Lessons Learned
Teresa and Kelly

by Kelly Beischel PhD, RN, CNE

Teachers are everywhere.

One doesn’t need a doctoral degree to acquire wisdom nor dispense it.

And for certain, some of the most important life lessons are taught outside of classrooms.  Let me tell you about some important lessons I’ve learned  from an extraordinary person, a teacher about life.

I’ve had a thing about getting older.

If I’m being honest, some have called it an obsession. In fact, there are periods of my life when the fear of aging led my mind down dark alleys. Thankfully, I’m beginning to acknowledge that aging isn’t always a bad thing. I’m learning to embrace it.

I tell you this because I’ve just come home from my sister-in-law, Teresa’s funeral. She was a person who lived vibrantly and taught me much. Over the last 20 years, we marveled about being married to Beischel men, told stories about our children, sought advice from one another and laughed about our ever-changing hairstyles – color and all.

My heart is heavy.

I’ve lost the mother of my beautiful nieces, the wife of my gentle brother-in-law, and the aunt who was ever-ready to laugh with my children. Teresa was just 53 years young.

I can’t help but reflect on what I’ve learned from having known and loved this woman.

1. INDIVIDUAL

Teresa was not worried about what others thought. She encouraged me to be my own person; no apologies accepted.

2. BE

She knew how to BE present. She taught me to drop the hurriedness and just BE, to take in what’s in front of me. Admittedly, I’m still working on this each day.

3. HOPE

She fought the good fight and hope was the catalyst. I will carry this torch and instill hope in others.

4. PROMPTS

I don’t know about you but I’m often prompted, from within, to act. It may be a strong, even overwhelming feeling and yet I choose to ignore it. You can’t afford to dismiss these promptings; instead, lean in to them and take action. This time I did just that. I listened, leaned in, took action; it made all the difference.

5. PLAN

In the midst of busy-ness, weeks can slip past without notice. It’s important to make plans to develop relationships. The plan may just be a reminder in your calendar to make a phone call. I will be forever grateful that I created reminders in my planner, reminders to tell her she was loved.

6. CALL

It’s okay to call a person who’s dying. I was afraid of bothering her, afraid of waking her. When I told Teresa my worries, she said “Call me whenever you want to talk and I’ll answer if I can.”

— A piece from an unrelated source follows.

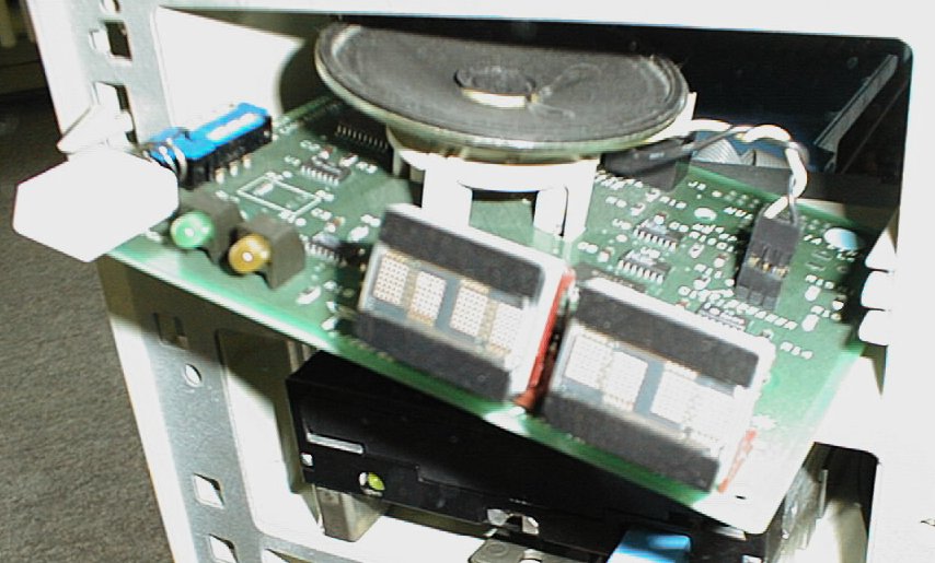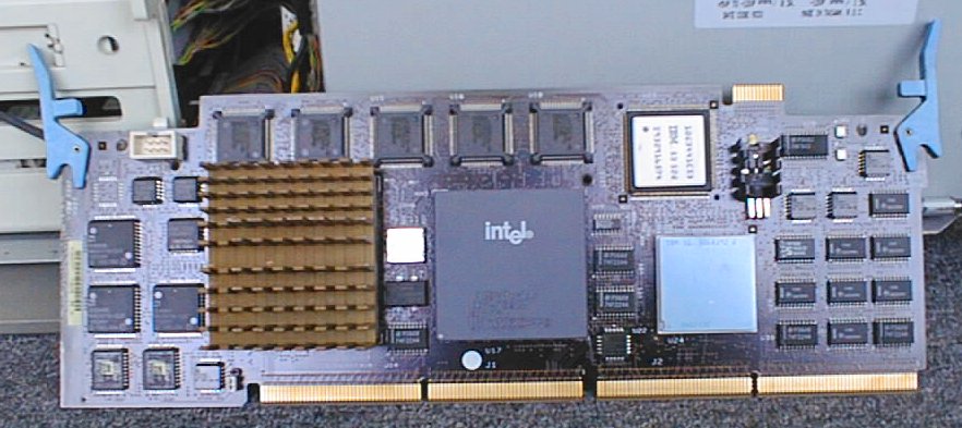 The CPU board is dominated by 2 Intel chips, the CPU (hidden below a heatsink) and the Intel 496 cache controller. The row of smaller chips on the PCB's top edge are the cache RAMs, another set is on the back side. Sadly to say, the 496 cache controller is the reason why you can't use the 120/133 MHz overdrive chip later offered by Intel: It internally uses a P54C core with a 5->3.3V regulator, and its signals only have 3.3V logic levels. The 496 is not 3.3V-compliant! There were some attempts with the 497, its successor for 3.3V-based Pentiums, but they have not resulted in very stable systems so far :-( The blue chip in the right half is the Synchrostream controller.

The week before she died, Teresa returned one of my phone calls and said, somewhat breathless, “It’s good to hear your voice, even if it’s on voice mail.”

7. COMFORT

There are times in a nursing career when your skills at inserting an IV or palpating pulses are meaningless, when offering comfort, a hug, a touch, an ear, or your presence is everything. I teach my students that these gestures can be the most useful of tools in a nurse’s toolbox.

Suddenly turning 50 this month doesn’t seem so bad.

To honor Teresa I’m embracing my age as opposed to cringing at the thought. I’m exercising with a grateful heart for a strong and healthy body. I’m re-dedicating myself to my marriage in honor of Teresa and Chuck who’ve missed out on the opportunity to grow old together.

Thank you Teresa for being such a great teacher.